WHAT THE TASK ASKS:
What follows is a set of records; give them all back exactly.
═════ THE DATA
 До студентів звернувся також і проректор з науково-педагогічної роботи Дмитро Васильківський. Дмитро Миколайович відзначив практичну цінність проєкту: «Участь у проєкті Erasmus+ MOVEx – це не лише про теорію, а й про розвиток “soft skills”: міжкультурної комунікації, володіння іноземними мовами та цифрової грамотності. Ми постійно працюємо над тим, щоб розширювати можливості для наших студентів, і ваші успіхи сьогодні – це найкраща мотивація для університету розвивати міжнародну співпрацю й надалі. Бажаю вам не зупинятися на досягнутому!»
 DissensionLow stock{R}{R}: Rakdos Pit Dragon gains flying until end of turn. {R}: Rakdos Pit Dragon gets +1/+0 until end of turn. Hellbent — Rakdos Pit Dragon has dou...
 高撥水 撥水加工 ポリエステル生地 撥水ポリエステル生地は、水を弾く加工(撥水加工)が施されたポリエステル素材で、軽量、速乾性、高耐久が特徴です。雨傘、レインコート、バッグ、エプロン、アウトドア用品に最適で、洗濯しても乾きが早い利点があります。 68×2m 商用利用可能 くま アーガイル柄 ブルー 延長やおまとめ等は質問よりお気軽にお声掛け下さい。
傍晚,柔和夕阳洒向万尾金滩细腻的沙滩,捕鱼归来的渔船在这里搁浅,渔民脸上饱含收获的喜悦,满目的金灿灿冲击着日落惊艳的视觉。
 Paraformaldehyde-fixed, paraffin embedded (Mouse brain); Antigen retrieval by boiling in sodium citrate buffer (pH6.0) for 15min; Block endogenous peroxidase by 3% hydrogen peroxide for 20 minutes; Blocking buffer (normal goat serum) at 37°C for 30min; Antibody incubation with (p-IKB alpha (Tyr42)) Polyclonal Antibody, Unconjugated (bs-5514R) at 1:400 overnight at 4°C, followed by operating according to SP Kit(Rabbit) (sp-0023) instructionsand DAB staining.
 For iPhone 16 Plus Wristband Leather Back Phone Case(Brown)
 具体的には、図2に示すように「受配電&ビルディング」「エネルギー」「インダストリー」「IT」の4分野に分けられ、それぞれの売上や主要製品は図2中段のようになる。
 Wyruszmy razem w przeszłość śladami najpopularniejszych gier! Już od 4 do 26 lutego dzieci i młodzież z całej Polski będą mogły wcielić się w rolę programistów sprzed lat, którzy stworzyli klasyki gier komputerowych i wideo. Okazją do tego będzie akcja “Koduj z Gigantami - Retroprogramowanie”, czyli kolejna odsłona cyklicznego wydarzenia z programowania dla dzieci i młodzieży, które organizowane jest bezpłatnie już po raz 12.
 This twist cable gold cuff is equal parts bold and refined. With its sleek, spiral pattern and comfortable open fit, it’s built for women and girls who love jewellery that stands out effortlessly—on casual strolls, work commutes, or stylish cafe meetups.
══════════
TASK RESPONSE:
 До студентів звернувся також і проректор з науково-педагогічної роботи Дмитро Васильківський. Дмитро Миколайович відзначив практичну цінність проєкту: «Участь у проєкті Erasmus+ MOVEx – це не лише про теорію, а й про розвиток “soft skills”: міжкультурної комунікації, володіння іноземними мовами та цифрової грамотності. Ми постійно працюємо над тим, щоб розширювати можливості для наших студентів, і ваші успіхи сьогодні – це найкраща мотивація для університету розвивати міжнародну співпрацю й надалі. Бажаю вам не зупинятися на досягнутому!»
 DissensionLow stock{R}{R}: Rakdos Pit Dragon gains flying until end of turn. {R}: Rakdos Pit Dragon gets +1/+0 until end of turn. Hellbent — Rakdos Pit Dragon has dou...
 高撥水 撥水加工 ポリエステル生地 撥水ポリエステル生地は、水を弾く加工(撥水加工)が施されたポリエステル素材で、軽量、速乾性、高耐久が特徴です。雨傘、レインコート、バッグ、エプロン、アウトドア用品に最適で、洗濯しても乾きが早い利点があります。 68×2m 商用利用可能 くま アーガイル柄 ブルー 延長やおまとめ等は質問よりお気軽にお声掛け下さい。
傍晚,柔和夕阳洒向万尾金滩细腻的沙滩,捕鱼归来的渔船在这里搁浅,渔民脸上饱含收获的喜悦,满目的金灿灿冲击着日落惊艳的视觉。
 Paraformaldehyde-fixed, paraffin embedded (Mouse brain); Antigen retrieval by boiling in sodium citrate buffer (pH6.0) for 15min; Block endogenous peroxidase by 3% hydrogen peroxide for 20 minutes; Blocking buffer (normal goat serum) at 37°C for 30min; Antibody incubation with (p-IKB alpha (Tyr42)) Polyclonal Antibody, Unconjugated (bs-5514R) at 1:400 overnight at 4°C, followed by operating according to SP Kit(Rabbit) (sp-0023) instructionsand DAB staining.
 For iPhone 16 Plus Wristband Leather Back Phone Case(Brown)
 具体的には、図2に示すように「受配電&ビルディング」「エネルギー」「インダストリー」「IT」の4分野に分けられ、それぞれの売上や主要製品は図2中段のようになる。
 Wyruszmy razem w przeszłość śladami najpopularniejszych gier! Już od 4 do 26 lutego dzieci i młodzież z całej Polski będą mogły wcielić się w rolę programistów sprzed lat, którzy stworzyli klasyki gier komputerowych i wideo. Okazją do tego będzie akcja “Koduj z Gigantami - Retroprogramowanie”, czyli kolejna odsłona cyklicznego wydarzenia z programowania dla dzieci i młodzieży, które organizowane jest bezpłatnie już po raz 12.
 This twist cable gold cuff is equal parts bold and refined. With its sleek, spiral pattern and comfortable open fit, it’s built for women and girls who love jewellery that stands out effortlessly—on casual strolls, work commutes, or stylish cafe meetups.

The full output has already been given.